In December 1996, Peter & Edria went to Egypt.
As a step towards their long term goal to live and work in the Middle East, they flew from Blenheim to Wellington to Auckland to Melbourne to Singapore to Dubai to Cairo. They spent almost two days flying with Air New Zealand and Emirates. The Wellington to Auckland flight was delayed and so Peter & Edria had about forty-five minutes to check their baggage, pay their departure tax and go through customs. (It is usually recommended that you arrive at the airport two hours before international flights to do this.) Emirates was entertaining to fly with – they provided English and Arabic safety instructions and each seat had blankets, neck pillows and a personal touch-screen with six channels of movies and programs to view. Peter & Edria had a ten-hour stopover in Dubai, where Emirates provided them with a hotel room, breakfast and lunch.
Arrival & Traffic
On arrival in Cairo, Peter & Edria bought their Egyptian visas at the airport and were met by many friendly Egyptians, before they got out the door to meet their kiwi tour guide. Cairo traffic is an extremely interesting experience – a warrant of fitness in Egypt requires that a car has good bodywork and a working horn. To get a drivers license in Egypt, you must drive forward and then reverse through a set of cones – it doesn’t matter if you knock cones over, but you shouldn’t stop. Road signs and traffic lights only apply when accompanied by a policeman, and any car in front has right of way. Horns are used constantly instead of indicators (bicycles use telephone bells to warn they are coming) and if there are lanes marked on the road as many cars, donkeys, buses, trams, motorbikes and pedestrians as possible can fit across the road (usually five vehicles across three lanes).

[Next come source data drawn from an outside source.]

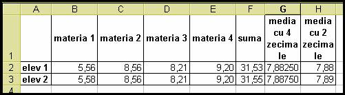 Daca nu suntem atenti si celulele H2 si H3 au formatarea pentru 2 zecimale EXCEL face automat rotunjirea si apar medii diferite, contrar regulamentului.
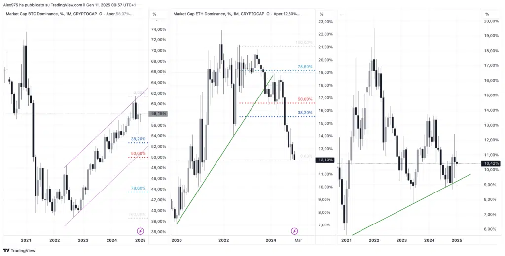 Il primo punto che si osserva è quello dato dalla dominance. Il confronto tra la dominance di BTC, ETH e le OTHERS è il primo passaggio che coinvolge analisti e trader. Nel grafico allegato riportiamo la comparativa, che contribuisce a una prima valutazione visiva del loro andamento.
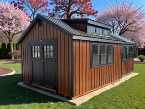 This striking LP Board and Batten Nantucket greenhouse combo, adorned in a butternut stain with black trim, black windows, and a black metal door, is sure to enhance your outdoor space.
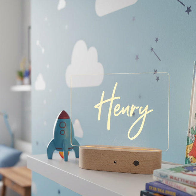 Customise your night light with a name of your choice, making it the perfect gift for a child or loved one. The high-quality acrylic plaque and solid wood base ensure that your night light will last for years to come, providing a comforting and safe atmosphere to fall asleep in each night.
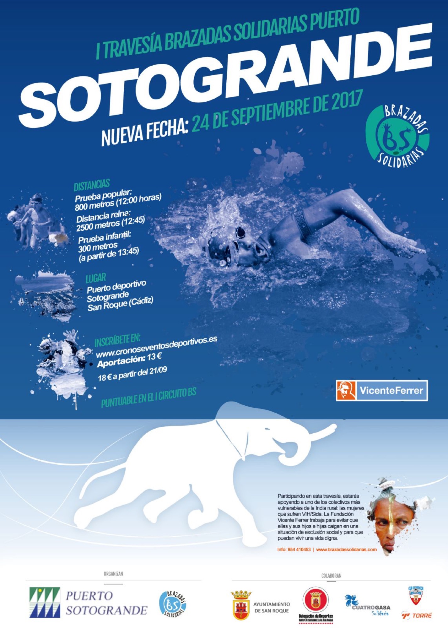 Este domingo, día 24, se celebrará la I Travesía Brazadas Solidarias Puerto Sotogrande, organizada a beneficio de la Fundación Vicente Ferrer. La prueba iba a llevarse a cabo el pasado 6 de agosto, pero el fallecimiento en un accidente en la India de cuatro componentes de esta ONG llevó a su aplazamiento, cuando se contaba con unos 300 inscritos.
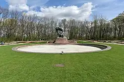 Układ trawników i alejek wokół pomnika zaprojektował Longin Majdecki[24]. Geometryczne rabaty obsadzone są krzewami róż. Wokół monumentu rosną w większości dęby czerwone, a także klony oraz krzewy śnieguliczki białej[24]. Całe założenie ogrodowe z posadzonymi amfiteatralnie drzewami miało przypominać salę koncertową[24].
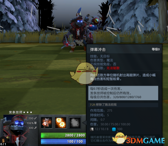 技能: 弹幕冲击 - 咻咻咻,对着随机目标一阵乱射,造成短暂眩晕和持续伤害。
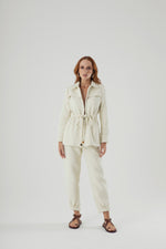 A calça Higienópolis é a união perfeita entre elegância e conforto. Confeccionada em tecido encorpado com leve textura tipo "tweed", ela traz um toque sofisticado mesmo em produções descomplicadas. O modelo apresenta cintura alta, cós largo estruturado, fechamento lateral por zíper e caimento levemente afunilado com acabamento franzido nas barras. Nas costas, os bolsos aplicados reforçam o estilo utilitário com charme.

The hotel in Zamalek, an island on the Nile, was fairly typical of Egypt – multi-story with new floors added on top of aging buildings, shuttered windows, and paper-less toilets (a spout pointing up from the toilet bowl provided for washing oneself. A visit to the local supermarket for foreigners, obtained the Western comfort of a roll of tissue and bottled water (as most of Egypt’s water comes from the Nile and is irregularly chlorinated). Breakfast was provided daily and consisted of an egg, bread, jam, cheese and a glass of tea. Sami, the hotel proprietor, got Peter to obtain some duty-free alcohol – an exercise in beauracry, with a visit to about seven people for signatures and stamps to make a purchase.
Places to see
- Saladin Mosque: Good views of Cairo smog.
- Musuem: Lots of dead things.
- Windows of the World (Hilton Hotel): Impressive views of traffic, sunset.
- The Pyramids: Bigger and closer to Cairo than we thought.
- The Sphinx: Impressive.
- Karnak and Luxor Temples (Luxor) : Lots of monuments with heiroglyphics
- Valley of the Kings, Valley of the Queens, Valley of the Workers (Luxor): Empty tombs with lots of pictures on the walls. Some roomy, some claustrophobic.
- German Mission Hospital: Edria got her broken ankle plastered.
- The Nile: Sailing on a Feluca.
Somewhere in the middle of nowhere
- Changing Buses: Middle of the night stop somewhere.
- The fort: Cool castle. Fun to explore.
- Roman ruins: Amazing excavation. Found ancient Greek or Roman graffiti on the Theatre seats.